For example, the array

array = [["Olek", ""],["Raj", ""]]

represents a square in which Olek is standing in the top left, Raj is standing at the bottom left, and no one is standing on the right:

Olek
Raj

Your task is to print the average distance between pairs of different people in the square. "Different" people means that a pair of people like "Raj and Raj" is not valid.

Implementation Notes

You may assume that if a person is standing in a cell, they're always standing in the exact center of it ¹.
Each cell in the square has height and width 1 unit. So the above square, for example, has height and width 2.
You may assume all string names are unique ².
You should use the Euclidian distance (think distance formula).
The first line of your program should set up a variable array to hold the input array.
You may assume that there are at least two people in the square.³

Examples

In the above example, since Raj and Olek are the only two people on the board, the pair containing them is the only pair of different people. That pair has distance 1 apart, since Raj and Olek stand at the center of cells which are 1 unit apart vertically and 0 units apart horizontally. So the average distance is 1. Your program should print this value.
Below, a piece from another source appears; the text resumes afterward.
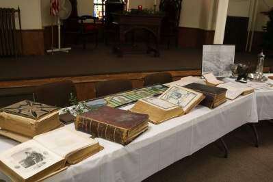 The display also included old leather-bound Bibles, as well as several notebooks kept by the Rev. James A. Little, who served the church from 1869 to 1917.
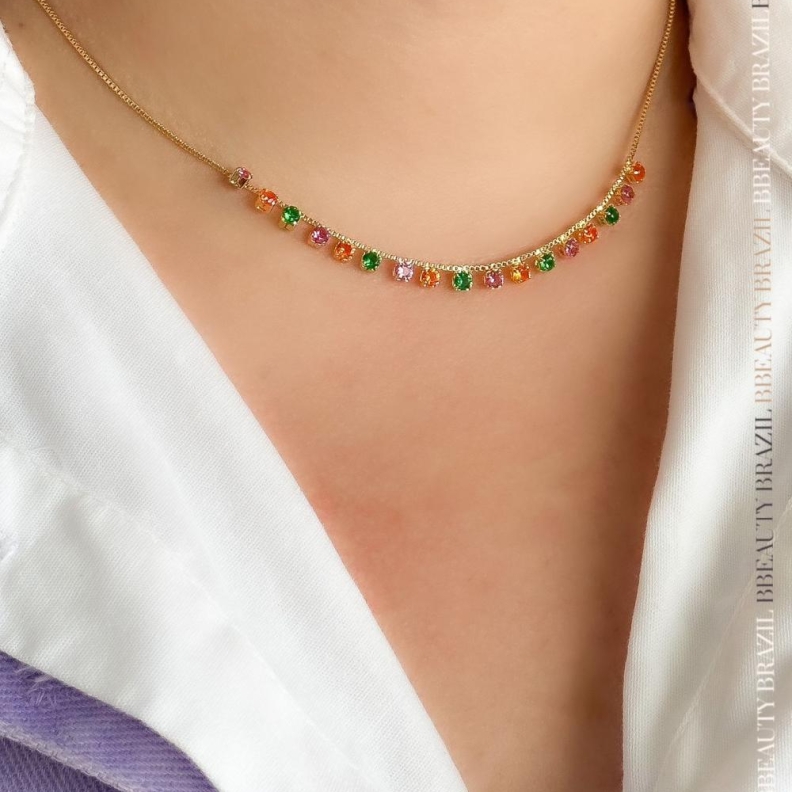 Colar Cristais Laranja espaçados em ouroConfira opiniões e avaliações de clientes!

array = [["Juan", "", "Melinda"],
         ["", "", ""],
         ["Valerie", "", ""]]

represents the square:

Juan		Melinda

Valerie

The pairs of different people in this square are: Juan and Melinda, Juan and Valerie, Melinda and Valerie. Their distances are 2, 2, and \sqrt{2^2+2^2} = 2\sqrt{2}, respectively. So the average distance your program should print is \frac{2+2+2\sqrt{2}}{3} = 2.27614237492. (You need only print the result accurate to within 10^{-6}.)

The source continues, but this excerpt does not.